*About this task*.
Nothing but the lines from the one with "Here is the" through the end of the records may appear in the answer, each reproduced exactly, pictures omitted.

*Items from a dataset*.
"""
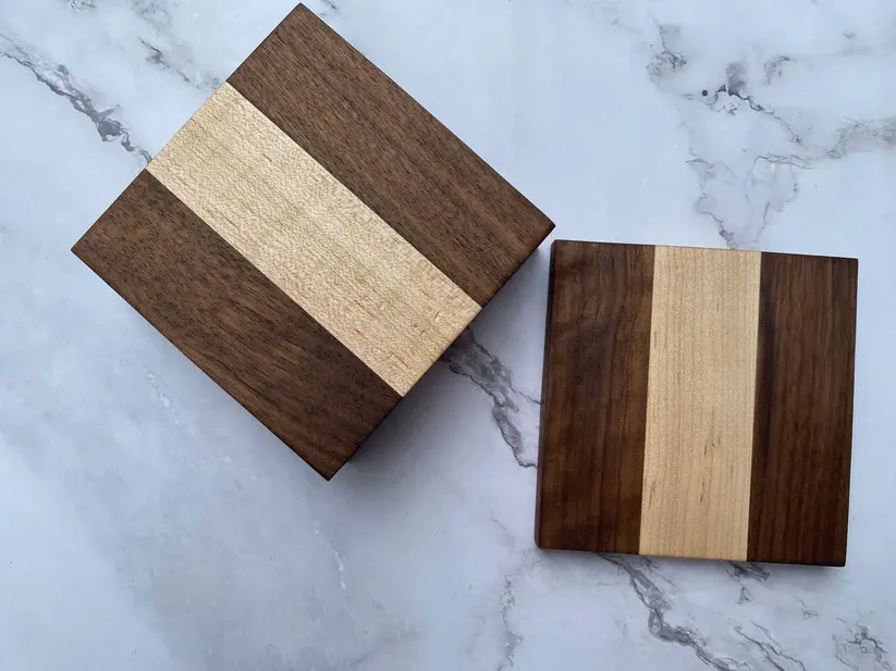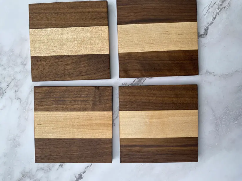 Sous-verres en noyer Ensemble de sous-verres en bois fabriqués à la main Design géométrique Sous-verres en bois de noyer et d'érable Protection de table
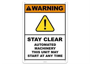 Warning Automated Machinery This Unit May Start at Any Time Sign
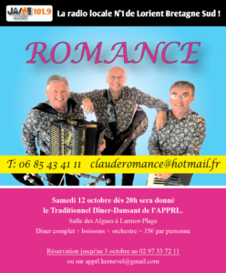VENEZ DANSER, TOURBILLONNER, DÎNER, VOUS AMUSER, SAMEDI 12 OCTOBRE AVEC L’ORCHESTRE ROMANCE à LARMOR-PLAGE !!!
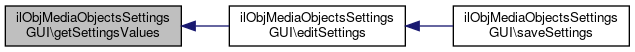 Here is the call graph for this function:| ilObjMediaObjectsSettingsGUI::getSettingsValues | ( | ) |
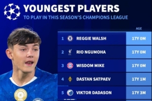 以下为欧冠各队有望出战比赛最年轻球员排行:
"""
*Written response*.
 Here is the call graph for this function:| ilObjMediaObjectsSettingsGUI::getSettingsValues | ( | ) |
 以下为欧冠各队有望出战比赛最年轻球员排行:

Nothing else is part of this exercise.